İSTANBUL İÇİN 1350 KAMERA YETERLİ DEĞİL

Dünyanın her yerinde suçu önlemek ve suçluyu tespit etmek amacıyla kamera sistemi kullanıldığına işaret eden Cerrah, şunları söyledi:

“Hatta Londra'da 5 milyon kamera olduğunun söylenmektedir. Bu 5 milyon kameranın 5 milyonu da devletin koyduğu kamera değildir. MOBESE sistemini Haziran 2005'te devreye soktuk. 570 kameramız vardı. Şu anda 1350 kameraya çıkardık. Bunda belediye başkanlarımızın, vatandaşlarımızın katkıları büyüktür. Ama İstanbul gibi büyük bir kente 1350 kamera yetmesi mümkün değildir. Önümüzdeki günlerde çalışmalarımız devam etmektedir. Bir sendika başkanı ve yöneticileri ile görüşmelerimiz sonuçlanmıştır. Çeşitli olayların yoğun olduğu yerlere de kameralar koyabileceğiz. Ayrıca arkadaşlarımız devriye hizmeti görürken, İstanbulluların hizmetine sokacağı cep bilgisayarları dağıtılacaktır. Böylelikle İstanbul'un güvenliğini daha rahat sağlayacağımıza inanıyorum.”

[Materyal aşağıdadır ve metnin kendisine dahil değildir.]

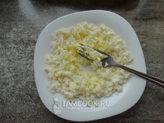 Яйцо заранее отварить "вкрутую", остудить и почистить.

YILBAŞI İÇİN HER TÜRLÜ TEDBİRİ ALDIK

Tüm polislerin ve İstanbulluların yeni yılını kutlayan Cerrah, yılbaşı kutlamaları konusunda her türlü tedbirin alındığını, İstanbulluların yılbaşı akşamını iyi bir şekilde geçirmesini sağlamak için, hem trafik yönünden hem asayiş yönünden tüm polislerin görev başında olduğunu ifade etti.